I never wanted to have kids. But lately, I’ve been warming to the idea. The idea of making sacrifices for someone else. The idea of loving someone more than myself. The idea of caring for someone, of investing my entire existence into their success. Maybe it is through this ultimate sacrifice that one finally unlocks the secrets to love and happiness.
But I also fear it. Not because of what I would have to give up, but because of the suffering that I might impose on them by creating a new human experience. No one chooses to be born, and some people proclaim that they hate having been brought into existence. Me personally, I am indifferent. I have been granted a human experience and I intend to get the most out of it. But I don’t know what my child would feel. Maybe they would be dumber than me, and they would just enjoy life, make many friends, and have loving relationships, without all the existential questions that plague me. But maybe they would suffer immensely, and I would be the direct cause of that suffering.
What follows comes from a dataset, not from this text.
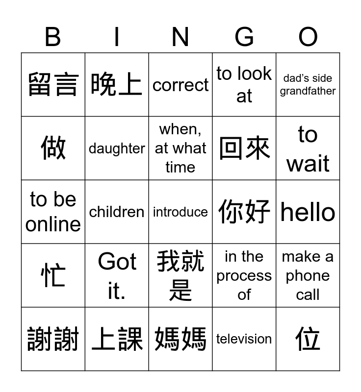 This bingo card has 25 words: Got it., 媽媽, when, at what time, 謝謝, dad’s side grandfather, 留言, 做, 晚上, 你好, 我就是, 回來, to be online, in the process of, make a phone call, daughter, 位, hello, correct, to wait, children, introduce, 上課, 忙, to look at and television.
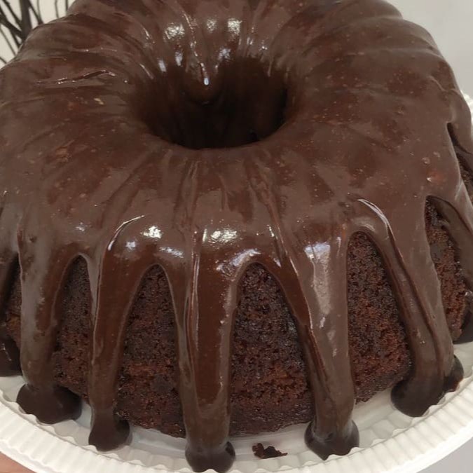 Massa fofinha e molhadinha de chocolate, com cobertura de chocolate 50%. Bolo Caseiro Chocolatudo — 18 cm.

However, there is one major reason for procreation. Perhaps the strongest reason to do anything. From an evolutionary perspective, the only purpose humans have is to procreate. And by extension, this could be the only purpose we have whatsoever. If there is no God, then whatever we do with our lives serves no function, and the only reason we exist is because of our parents’ drive to bring us into this world. So if you, like me, tend to believe in nothing, then perhaps this is the absolute truth that absolves us.
It really is a struggle to me as well, I feel like none of the ways we are expected to behave and express ourselves are actually catering to our own needs and feelings, I think that is a fundamental struggle for anyone who’s got some wits to them.